> [ABOUT THIS EXERCISE]
Starting at the line that contains "O rastreamento de" and stopping at the line that contains "소액결제를 차단하거나 한도를", restate each line of the records below exactly. Omit the pictures.

> [SUPPLIED RECORDS]
********************

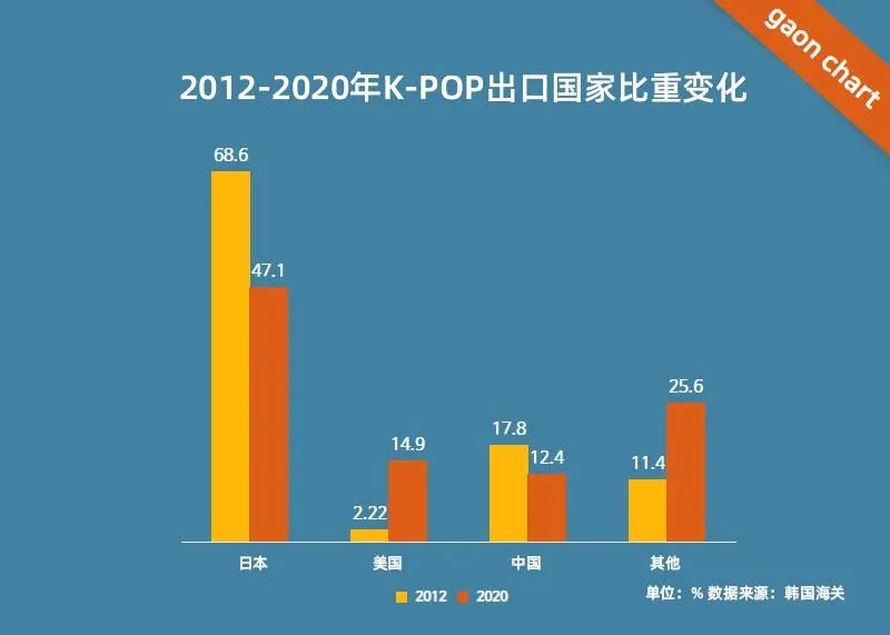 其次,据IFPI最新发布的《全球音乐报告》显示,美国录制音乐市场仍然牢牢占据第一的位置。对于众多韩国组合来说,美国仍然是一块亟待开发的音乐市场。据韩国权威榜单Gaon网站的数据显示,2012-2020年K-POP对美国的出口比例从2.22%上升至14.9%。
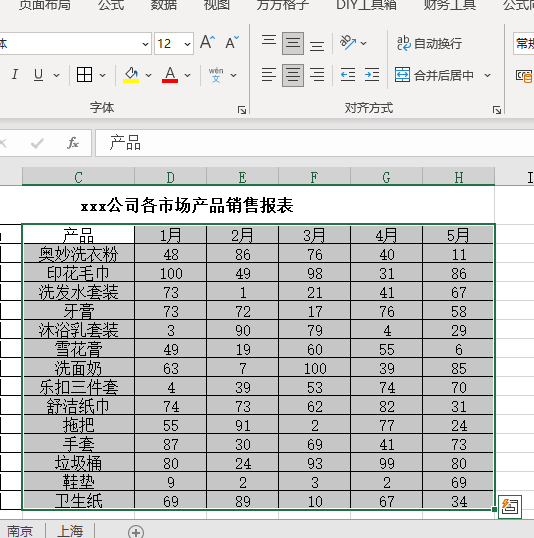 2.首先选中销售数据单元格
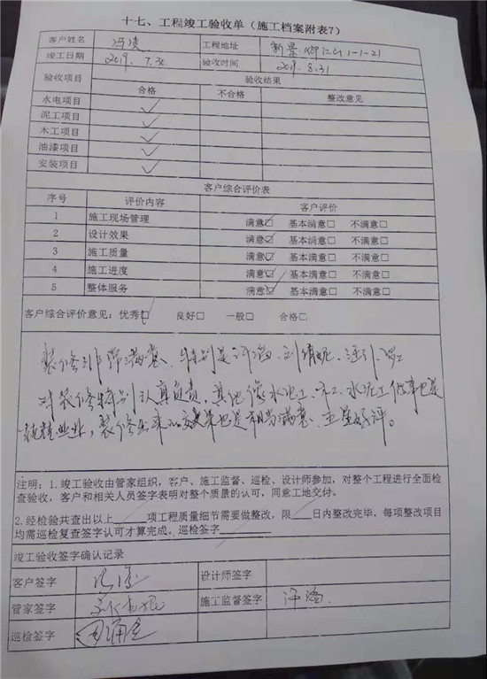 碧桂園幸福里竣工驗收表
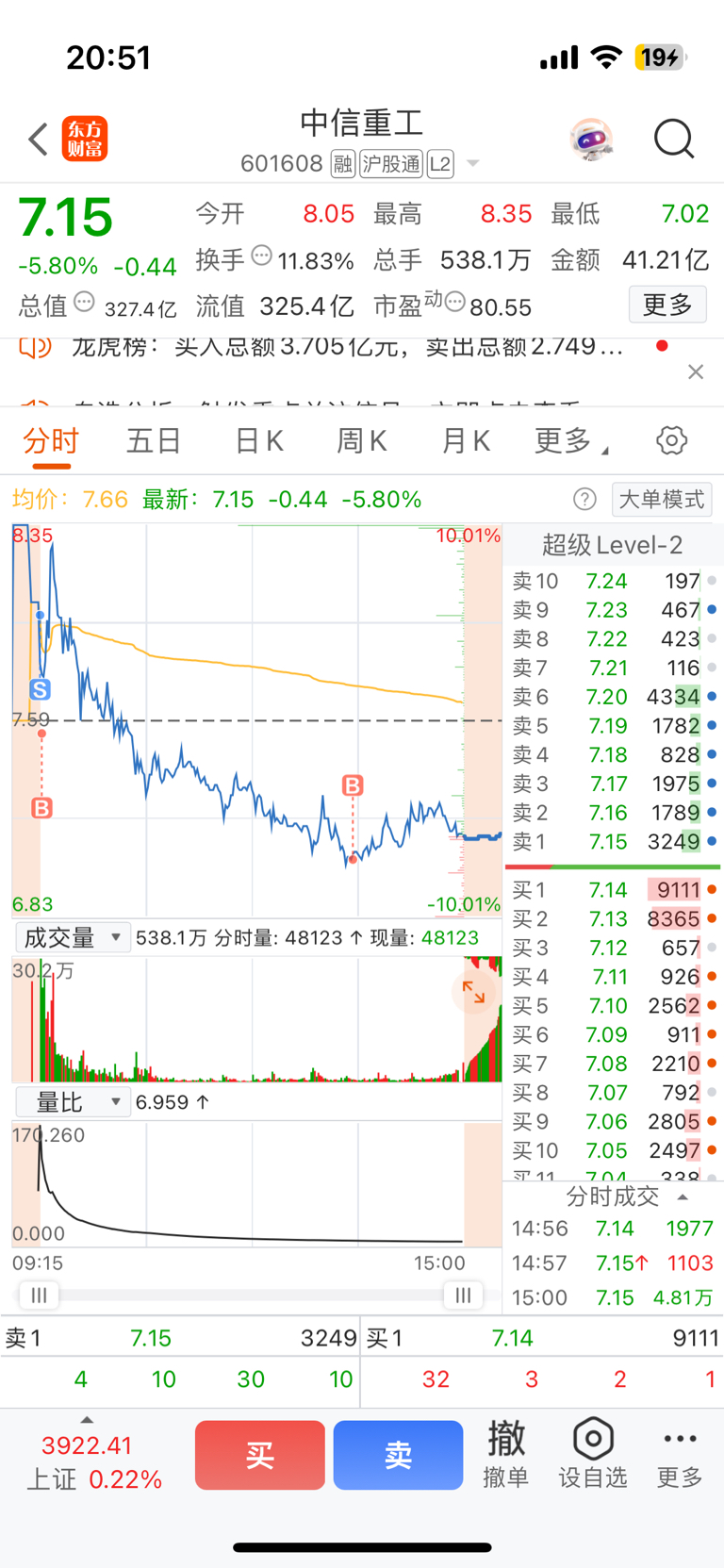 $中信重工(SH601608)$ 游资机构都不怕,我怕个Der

********************

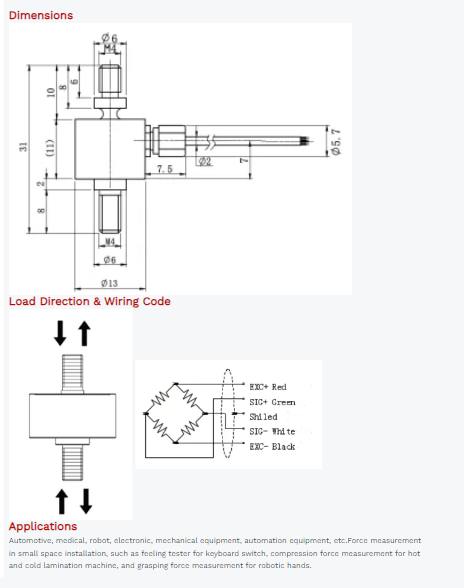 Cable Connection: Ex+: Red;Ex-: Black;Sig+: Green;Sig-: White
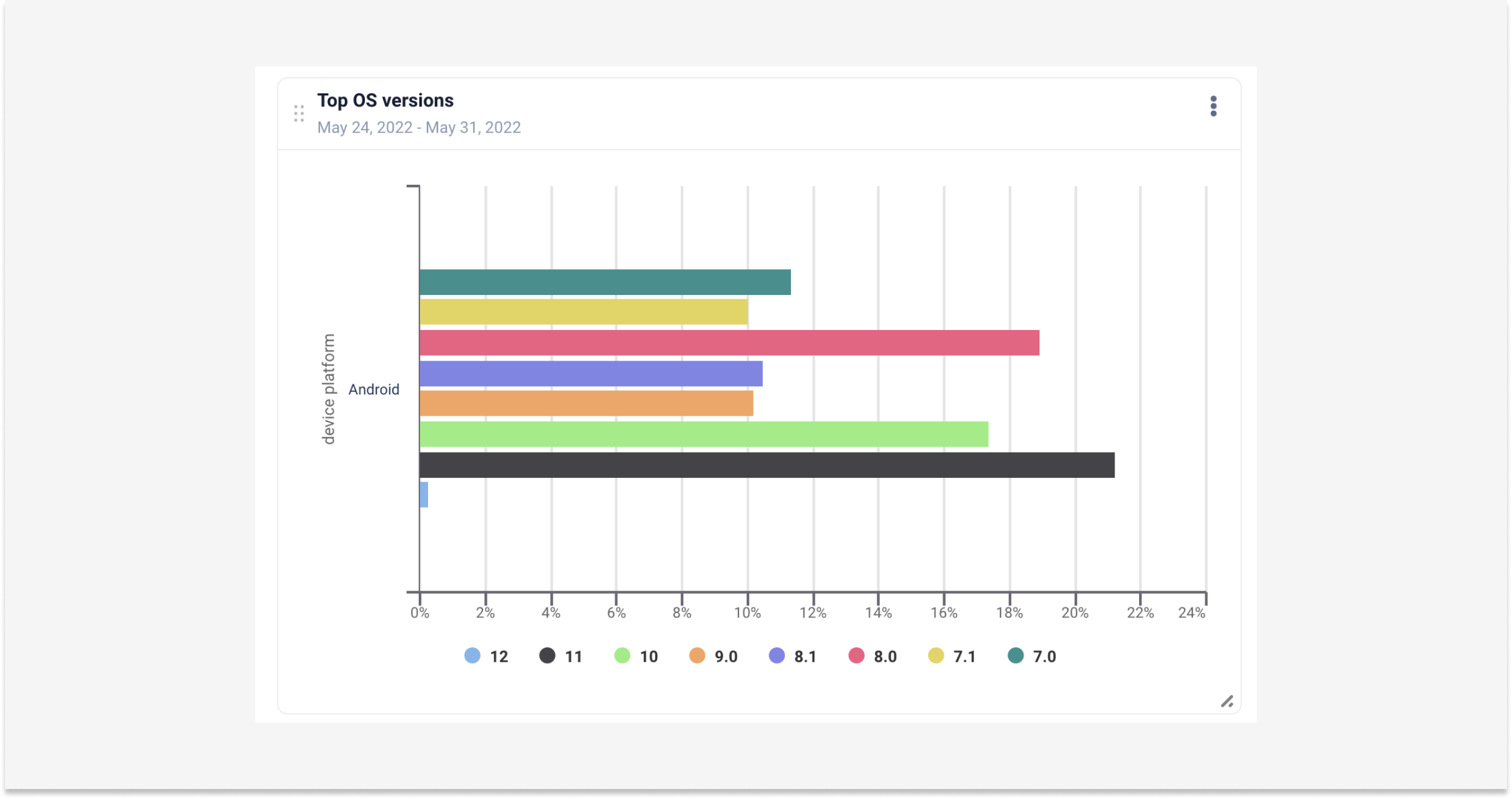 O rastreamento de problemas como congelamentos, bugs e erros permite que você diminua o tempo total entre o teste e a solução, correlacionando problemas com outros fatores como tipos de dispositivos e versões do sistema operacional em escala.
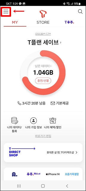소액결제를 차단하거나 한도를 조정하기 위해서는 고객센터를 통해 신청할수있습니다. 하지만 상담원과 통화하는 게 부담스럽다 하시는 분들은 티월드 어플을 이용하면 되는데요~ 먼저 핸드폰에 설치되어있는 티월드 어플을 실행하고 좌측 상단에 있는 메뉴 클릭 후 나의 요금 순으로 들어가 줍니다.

********************

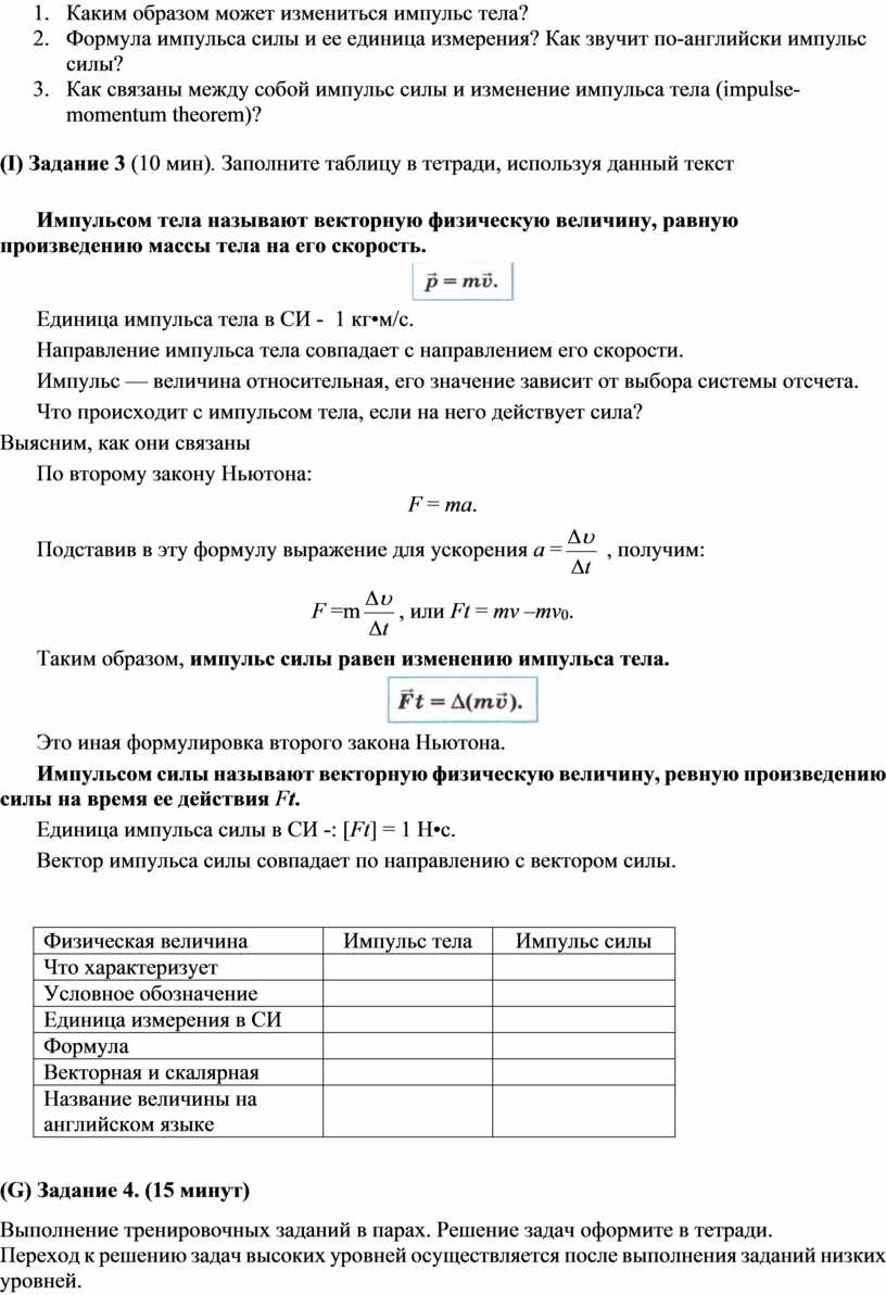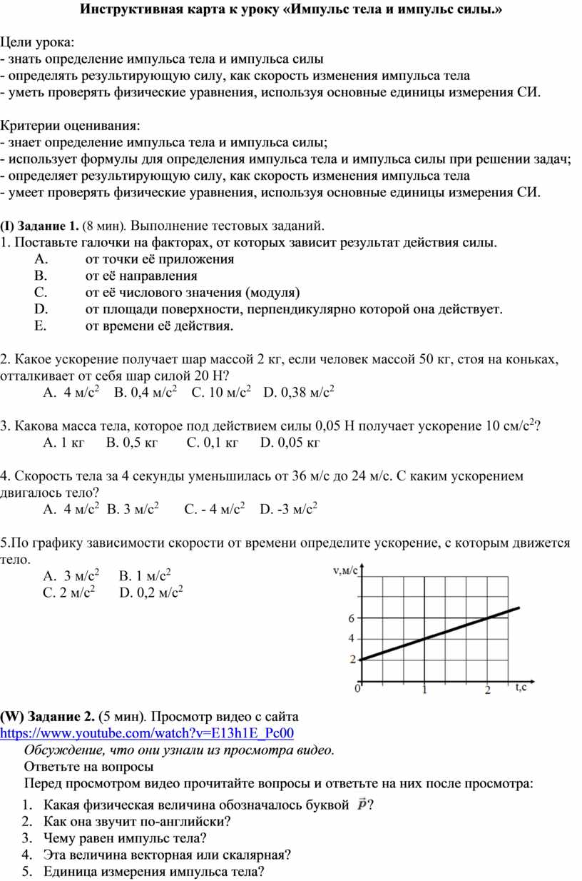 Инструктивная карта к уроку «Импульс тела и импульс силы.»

********************

> [WRITTEN REPLY]
 O rastreamento de problemas como congelamentos, bugs e erros permite que você diminua o tempo total entre o teste e a solução, correlacionando problemas com outros fatores como tipos de dispositivos e versões do sistema operacional em escala.
소액결제를 차단하거나 한도를 조정하기 위해서는 고객센터를 통해 신청할수있습니다. 하지만 상담원과 통화하는 게 부담스럽다 하시는 분들은 티월드 어플을 이용하면 되는데요~ 먼저 핸드폰에 설치되어있는 티월드 어플을 실행하고 좌측 상단에 있는 메뉴 클릭 후 나의 요금 순으로 들어가 줍니다.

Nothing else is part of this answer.